***** MATERIALS PROVIDED
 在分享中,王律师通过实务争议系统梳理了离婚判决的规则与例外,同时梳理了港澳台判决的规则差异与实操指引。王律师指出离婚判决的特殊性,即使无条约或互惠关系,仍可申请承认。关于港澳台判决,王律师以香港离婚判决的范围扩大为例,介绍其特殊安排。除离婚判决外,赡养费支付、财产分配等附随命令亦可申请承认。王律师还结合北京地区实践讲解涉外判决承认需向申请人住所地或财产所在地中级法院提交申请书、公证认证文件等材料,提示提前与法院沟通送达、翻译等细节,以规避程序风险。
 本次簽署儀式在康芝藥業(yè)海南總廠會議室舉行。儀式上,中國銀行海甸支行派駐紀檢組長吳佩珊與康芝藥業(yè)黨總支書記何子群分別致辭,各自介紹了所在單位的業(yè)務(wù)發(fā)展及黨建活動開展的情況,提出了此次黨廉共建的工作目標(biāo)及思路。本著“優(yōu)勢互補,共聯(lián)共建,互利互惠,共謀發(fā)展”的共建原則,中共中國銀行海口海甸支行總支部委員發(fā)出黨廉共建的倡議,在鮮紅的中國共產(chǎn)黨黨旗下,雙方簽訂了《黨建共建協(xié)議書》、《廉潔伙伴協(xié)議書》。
**********
***** MATERIALS PROVIDED
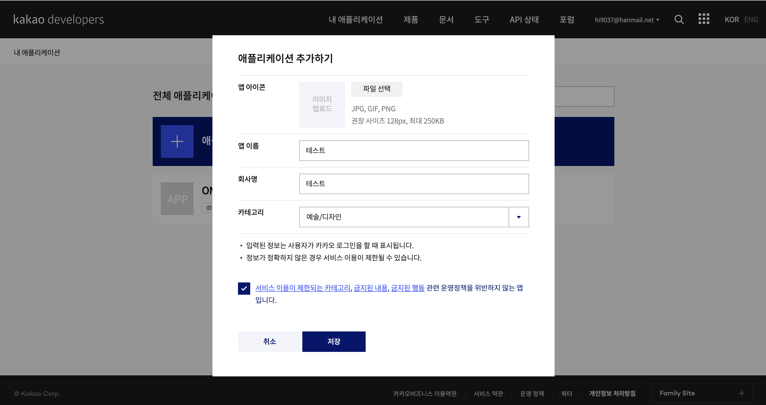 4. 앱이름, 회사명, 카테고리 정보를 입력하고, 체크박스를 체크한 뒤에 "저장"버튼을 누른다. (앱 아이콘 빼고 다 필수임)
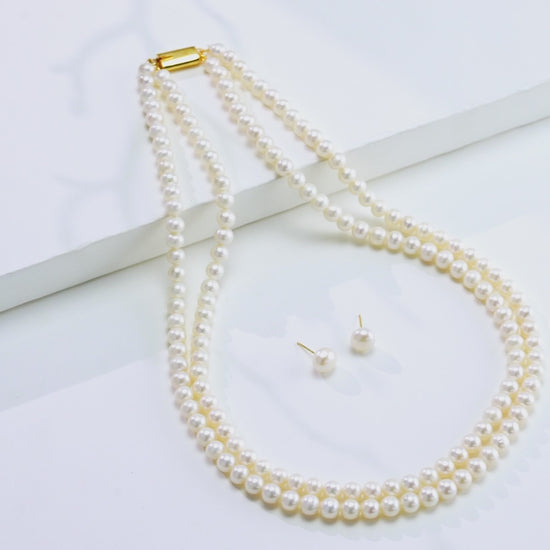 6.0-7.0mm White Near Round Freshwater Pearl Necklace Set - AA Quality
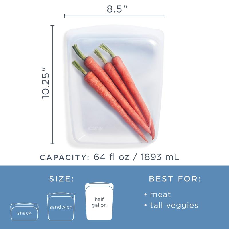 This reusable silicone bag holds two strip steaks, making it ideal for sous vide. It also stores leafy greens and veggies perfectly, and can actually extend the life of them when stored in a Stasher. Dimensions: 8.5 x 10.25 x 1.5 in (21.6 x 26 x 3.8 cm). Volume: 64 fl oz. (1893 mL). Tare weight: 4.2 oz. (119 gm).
**********
* **WHAT TO DO**
Could you retype exactly the lines above, starting at the line that contains "在分享中,王律师通过实务争议" and ending at the line that contains "本次簽署儀式在康芝藥業(yè", and nothing more?

* **FINISHED EXERCISE**
 在分享中,王律师通过实务争议系统梳理了离婚判决的规则与例外,同时梳理了港澳台判决的规则差异与实操指引。王律师指出离婚判决的特殊性,即使无条约或互惠关系,仍可申请承认。关于港澳台判决,王律师以香港离婚判决的范围扩大为例,介绍其特殊安排。除离婚判决外,赡养费支付、财产分配等附随命令亦可申请承认。王律师还结合北京地区实践讲解涉外判决承认需向申请人住所地或财产所在地中级法院提交申请书、公证认证文件等材料,提示提前与法院沟通送达、翻译等细节,以规避程序风险。
 本次簽署儀式在康芝藥業(yè)海南總廠會議室舉行。儀式上,中國銀行海甸支行派駐紀檢組長吳佩珊與康芝藥業(yè)黨總支書記何子群分別致辭,各自介紹了所在單位的業(yè)務(wù)發(fā)展及黨建活動開展的情況,提出了此次黨廉共建的工作目標(biāo)及思路。本著“優(yōu)勢互補,共聯(lián)共建,互利互惠,共謀發(fā)展”的共建原則,中共中國銀行海口海甸支行總支部委員發(fā)出黨廉共建的倡議,在鮮紅的中國共產(chǎn)黨黨旗下,雙方簽訂了《黨建共建協(xié)議書》、《廉潔伙伴協(xié)議書》。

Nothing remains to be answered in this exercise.